Помолчав секунду, Элисон спросила:
— Но зачем? Она не могла ему серьезно помешать… А-а, кажется, поняла. Из-за ее денег?
— Умница.
— Но такое дело — только ради денег.
— Деньги,— сказал Мендоса,— чертовски хорошая штука, ради которой много чего наворочено.

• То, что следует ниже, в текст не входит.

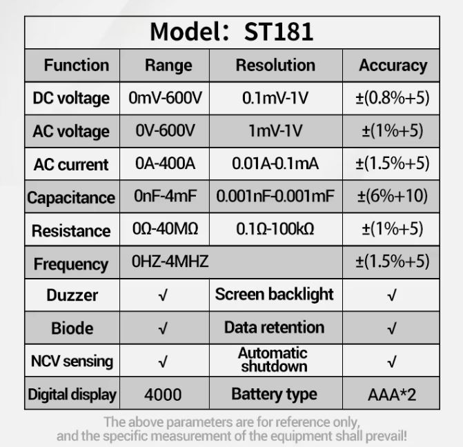 Характеристики: Может измерять напряжение переменного/постоянного тока, силу переменного тока, сопротивление и проверять целостность цепи. Ручной выбор функции и диапазона измерений. Защита от перегрузки во всем диапазоне измерений. ЖК-дисплей с подсветкой, удобный для работы и считывания показаний. Функция удержания показаний, индикация низкого заряда батареи, автоматическое отключение питания. Подходит для тестирования и обслуживания электрооборудования. Технические характеристики: Функция Диапазон Точность ПЕРЕМЕННОЕ напряжение 4 В/40 В/400 В/600 В ±(1.5%+3) Напряжение постоянного тока 400 мВ/4 В/40 В/400 В/600 В ±(1.0%+3) Сопротивление 400/4 кОм/40 кОм/400 кОм/4 МОм ±(1.2%+3) 40M omh ±(1.5%+5) Переменный ток 40A/400A ±(2.5%+3) Частота 10 Гц-400 кГц ±(1.0%+5) 400 кГц-4 МГц ±(2.0%+5) Емкость 1nF-4uF ±(2.5%+10) 4 мкФ-400 мкФ ±(4.0%+20) 4mF ±(5.0%+30) Рабочая температура 18 - 28℃ Комплектация: 1 токовый клещи ST181 (без батареи) 2 измерительных провода 1 руководство пользователя 1 X Сумка для хранения 1 X Упаковочная коробка
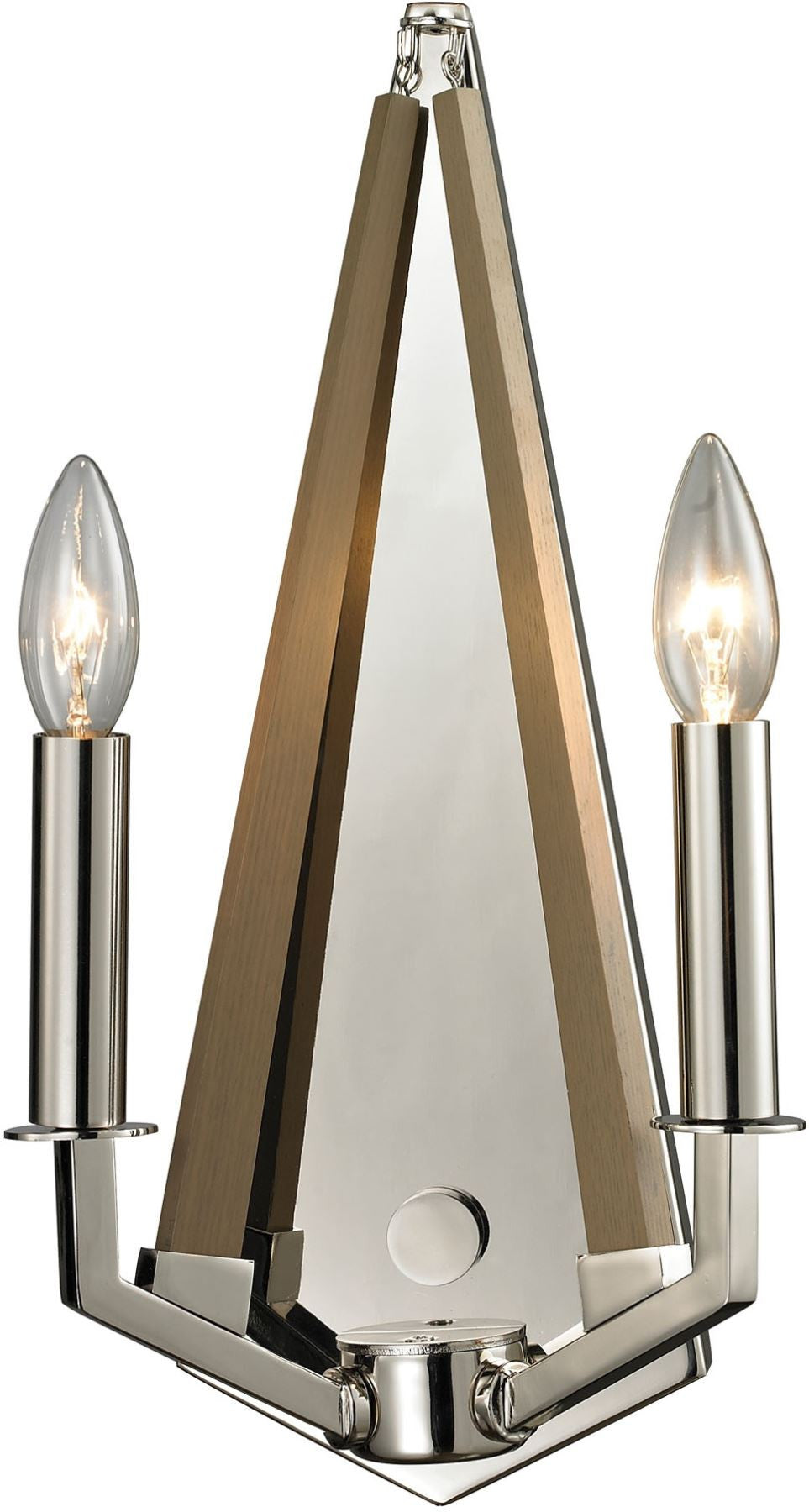 Madera 2 Light Sconce In Polished Nickel and Natural Wood
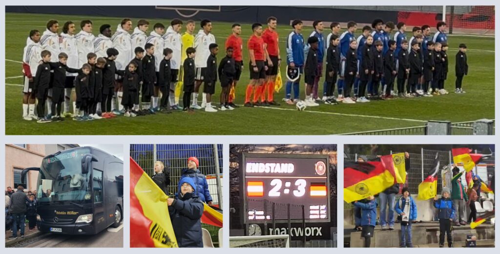 An jedem der 3 Spieltage trafen sich unsere Mannschaften mit Eltern und Geschwistern am Roßdörfer Schwimmbad um mit dem großen Reisebus in Richtung Maxworx Sportpark zu starten. Angekommen im Stadion wurden die Kids mit schwarzen Adidas Outfits einheitlich ausgestattet und man bereitete sich in der Kabine auf die Spiele vor. Um kurz vor 18:00 Uhr war es dann immer soweit: zwischen 26 und 30 unserer Kids liefen mit viel Stolz Hand in Hand mit den U19 Nationalspielern vor den Augen der zahlreichen Zuschauer ein und man stand neben den Profis, als diese ihre Nationalhymnen sangen. Im Anschluss ging es in den Block E. Gemeinsam mit den mitgereisten Eltern und Geschwistern wurde unsere Nationalmannschaft lautstark unterstützt.
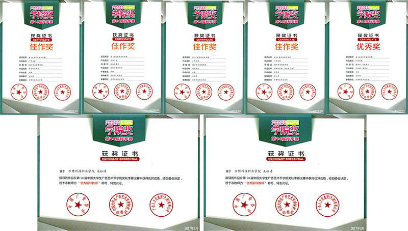 学院奖秋季赛自2016年9月20日启动后,我院艺术分院相关专业师生积极备战,在指导老师的帮助下创作并提交了参赛作品216件,达到历年来参赛提交作品最多数量。最终,2015级广告设计与制作自主班方蓓荣获大赛优秀奖以及佳作奖,2014级广告设计与制作专业沈蝶、2015级广告设计与制作专业吴琴、2016级广告设计与制作专业张晚迎分别荣获秋季赛佳作奖。
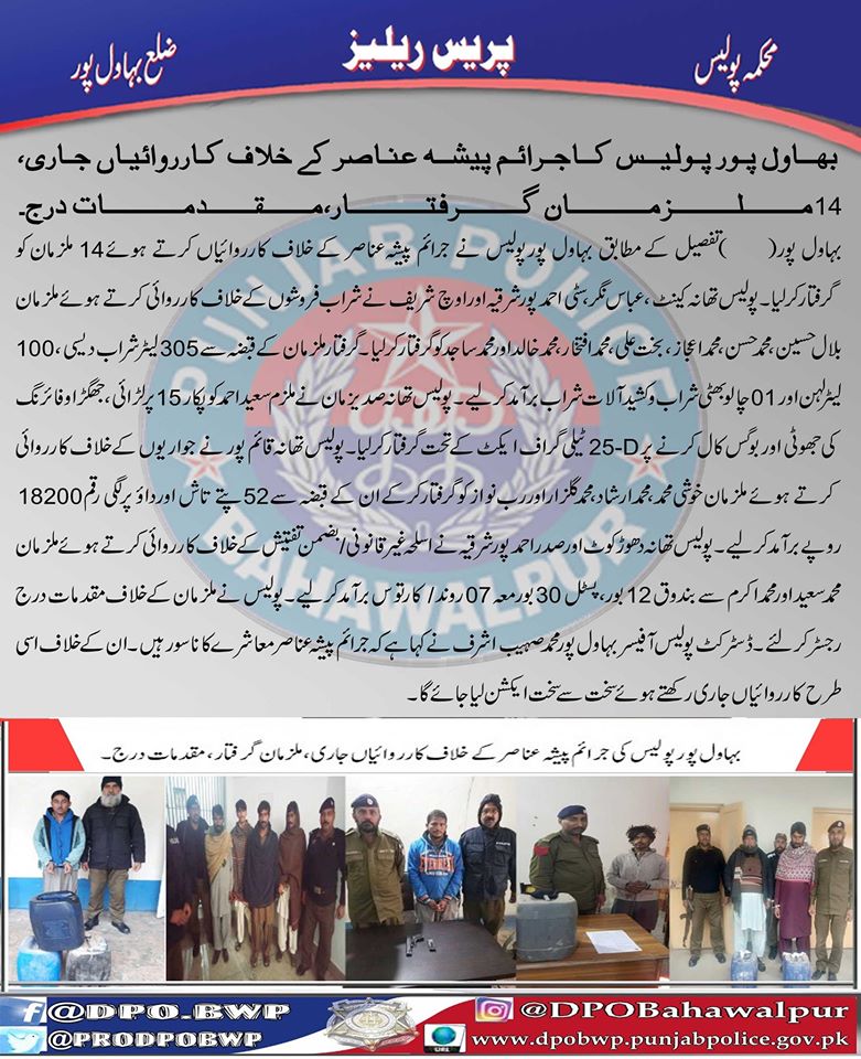 بہاولپور پولیس کا جرائم پیشہ عناصر کے خلاف کاروائیاں جاری ،14ملزمان گرفتار،مقدمات درج۔
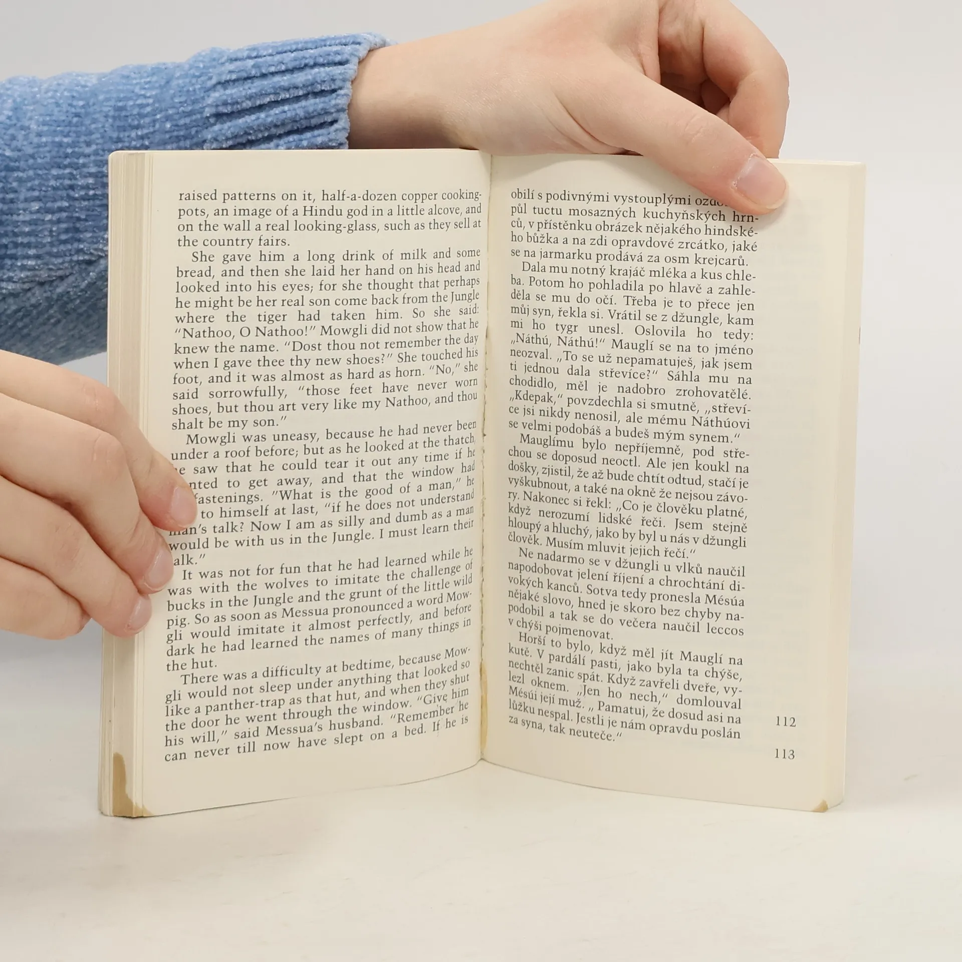 Dvojjazyčné vydání - anglický originál a český překlad - klasiky světové literatury pro přátele anglického jazyka. Slavný příběh lidského mláděte Mauglího začíná, když jako malé batole unikne ze spárů lidožravého tygra Šér Chána. Je zachráněn rodinou vlků a později je přijat i za člena vlčí smečky. Jak Mauglí dospívá, jeho zvířecí přátelé, mezi něž patří především odvážný černý panter Baghíra, moudrý medvěd Balú a lstivá krajta Ká, jej učí životu v džungli.. Nedaleko Mauglího se však neustále potlouká tygr Šér Chán, který si umínil, že chlapce přeci jen uloví. Jednoho dne se ale role obrátí a z lovce se stává kořist. Chlapec nakonec odvěkého nepřítele vláká chytrým plánem do léčky a zabije ho. Mauglí si také postupně hledá cestu k lidem. Přijmou ho zpět mezi sebe?
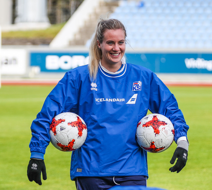 Berglind skoraði þrennu í síðari hálfleik og lagði upp mark. Hún var kát að leikslokum.

— Наверное. И ты, конечно, можешь говорить, что у любого человека, выросшего в бедности, есть причина совершить все что угодно ради денег. Но мы с тобой в детстве были небогаты. Боже мой, первое, что я отчетливо помню в жизни, — ветхий лагерь в Сьерра дель Бурро в Каохуиле. Папа строил там гостиницу, и он сделал для меня ванну в горном потоке. До сих пор чувствую, какая была холодная вода, — она рассмеялась. — И один из проходивших мимо рабочих очень вежливо извинялся за то, что нечаянно увидел маленькую даму — кажется, мне было четыре или пять лет… А у тебя было еще меньше, чем у меня. Собирали обмылки. Мы не… не делали из всего этого трагедию.
— Не надо тебе объяснять, что люди бывают разные. Психологи… Я с ними не согласен,— сказал Мендоса.— Человек рождается с тем или иным характером. Его можно изменить, но лишь до определенной степени, — он неожиданно рассмеялся. На удивленный взгляд Элисон ответил: — Нет, ничего. Я подумал об одной милой женщине, которую однажды встретил, она говорила, что все зависит от звезд в твоем гороскопе. Я таков, как есть, потому что родился в семь утра двадцать восьмого февраля определенного года под знаком Рыб…
— Может, и так, — сказала Эдисон. — Говорят, у всех Рыб сильная интуиция. И видит Бог, я — типичный скорпион.
— Vaya despaciol, — сказал Мендоса. — Я думал, что женюсь на довольно-таки умной женщине. Давай съездим куда-нибудь поужинаем, отпразднуем.
— Опять намекаешь, что я не умею готовить. Поехали на Стрип в «Эль Паломиаго».
— Нет, por favor. Только не туда, где оркестр и танцплощадка. Я слишком устал.
— Как всегда. Хорошо. Я тоже не особо в настроении. Такое дело… Жаль мистера Чедвика.
— Надеюсь, — вполне серьезно сказал Мендоса, — эта встряска поможет ему оставить жену и добиться развода. Посмотрим… Мы задержали Ардена и Даррелла по одному обстоятельству и, может, еще что-нибудь найдем. Мелкая сошка, но полезная. Даррелл нечаянно выдал нам имя своего поставщика марихуаны, чем порадовал Пэта Каллагана, потому что они про этого новичка еще не знали.